Problem details:
Go line by line through the entries below and count those containing the string "татари"; give only the count.

Exercise material:
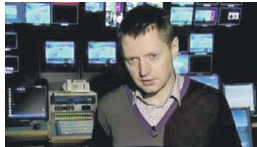
Алексей Пивоваров готов попробовать себя в медиа в новых качествах.
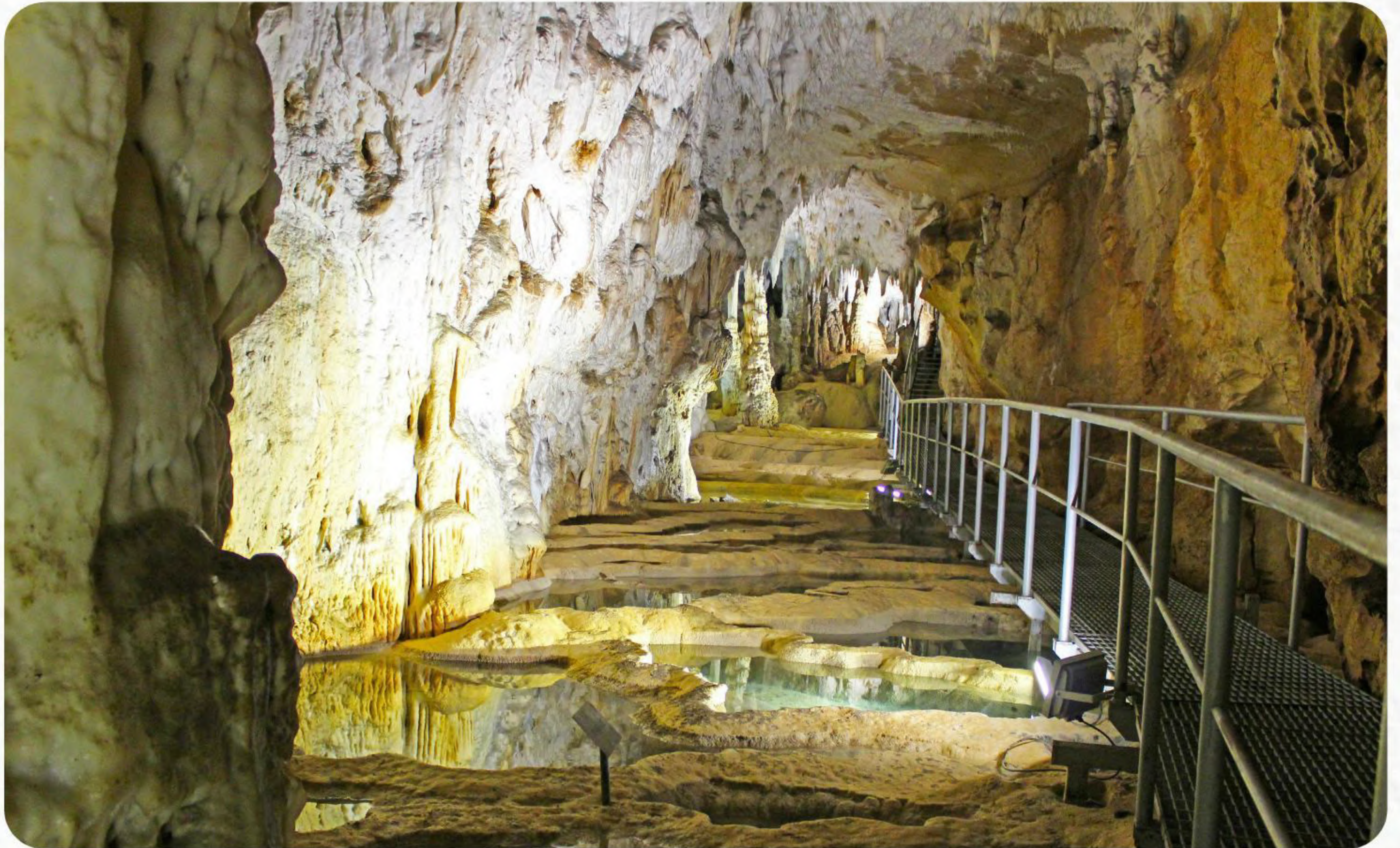
Rajkova pećina kod Majdanpeka speleološki je spomenik prirode koji je prvi opisao čuveni srpski geograf Jovan Cvijić. Odlikuje je pećinski nakit izrazito bele boje. Nazvana je po hajduku Rajku za koga se veruje da je živeo u 19. veku i danju radio kao mehandžija a noću otimao blago turskih karavana i skrivao ga u pećinu. Zahvaljujući projektu Evropske unije „Sociojalno-ekonomski razvoj dunavske regije u Srbiji“, pećina je dobila kružnu stazu dugu 1.400 metara i modernu rasvetu.
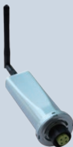
Пристрій реєстрації даних GPRS
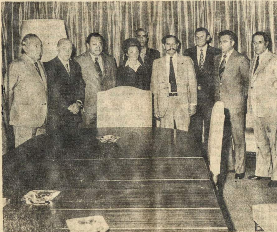
Argentinos presidente M. E. M. de Perón, sekdamas savo vyro, prezidento generolo Perón ipročius, pradėjo lankytis Generalinės Darbo Konfederacijos (CGT) bustinėje, ir tęsti politinius ir ekonominius klausimus pokalbius su darbininkų organizacijų vadais. Paveiksle: prezidente CGT bustinėje.
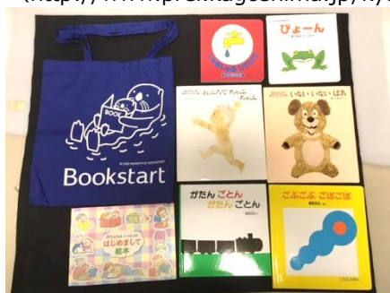
ブックスタート（好きな本を1冊選んでもらい、カバンと一緒にプレゼントします）
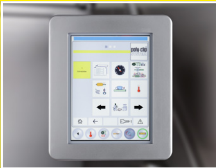
Das Touch-Panel des TSCA: einfach und übersichtlich
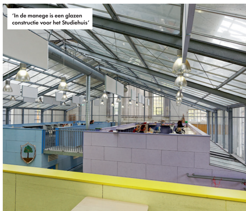
'In de manege is een glazen constructie voor het Studiehuis'
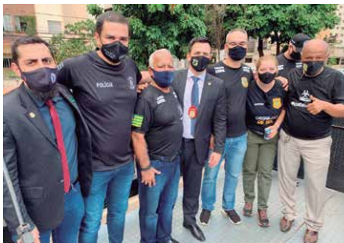
Presidentes das Entidades se reuniram em frente à Alego
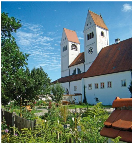
Das Steingadener Münster gehörte zu einem früheren Prämonstratenser-Kloster, das 1147 von Markgraf Welf VI. gegründet wurde.

15:15-16:30 Uhr: Rückwanderung auf anderem Weg (ca. 5 km) zum Gasthof Moser bei der Wieskirche
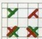
Неполный стежок крестом нитками разных цветов
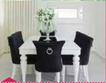
שולחן לבן מלבני מוקף קרניזי תאורה
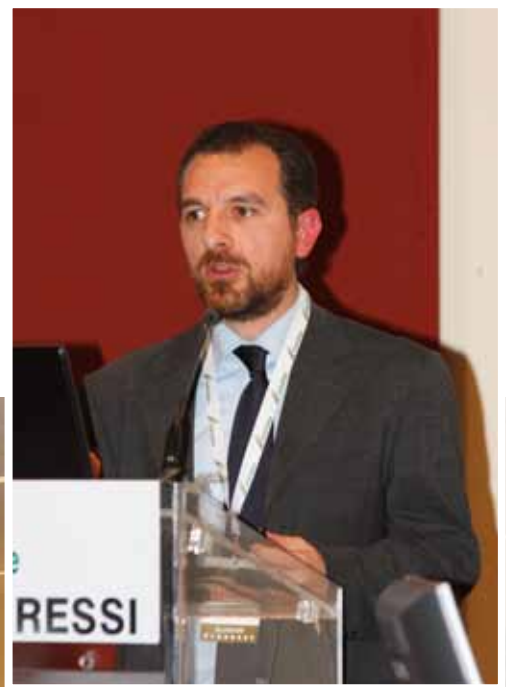
La sala di Agriumbria durante il convegno

ha poi affrontato il tema del mancato finanziamento pubblico alle APA, sottolineando come la mancanza di adeguate risorse a disposizione del sistema selettivo, si ripercuoterebbe negativamente soprattutto su quelle piccole e medie aziende di collina e di montagna che rappresentano la principale risorsa per le 5 razze tutelate da Anabic.
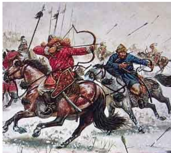
татари нападають на Київську Русь

1240-го року татари знищили Київ і Київська держава перестала існувати. Міста, церкви і монастирі були зруйновані і багато пам'яток української культури було знищено.
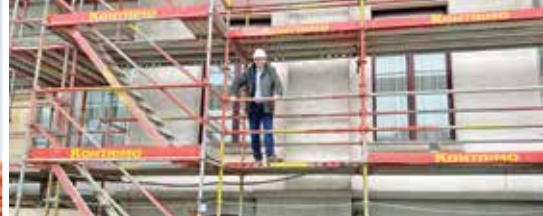
Restauratie gemeentehuis gestart (p. 3)
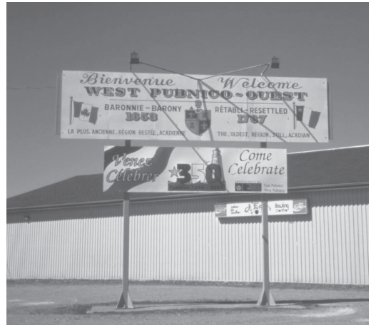
写真3 東西南北を含む地名の表記

フランス語でピュブニコ・ウエスト (Pubnico-Ouest)、英語でウェスト・ピュブニコ (West Pubnico) と称され、形容詞の用い方の違いをいかした表記がなされている。このコミュニティは、ノヴァスコシア州に現存するフランス語系コミュニティのなかで、1755年の追放以前にフランス人入植者が住んでいた数少ない例の一つで、1653年に男爵領となり、1767年に再定住を果たしたことが記されている。
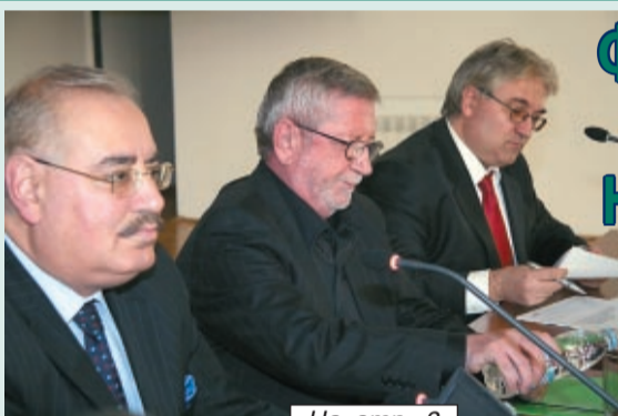
На стр. 2
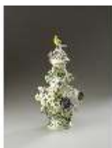
AnsRes.III,K, Potpourrivase, Inv.-Nr. AnsRes.K0705, DI012840, BSV-

Written solution:
2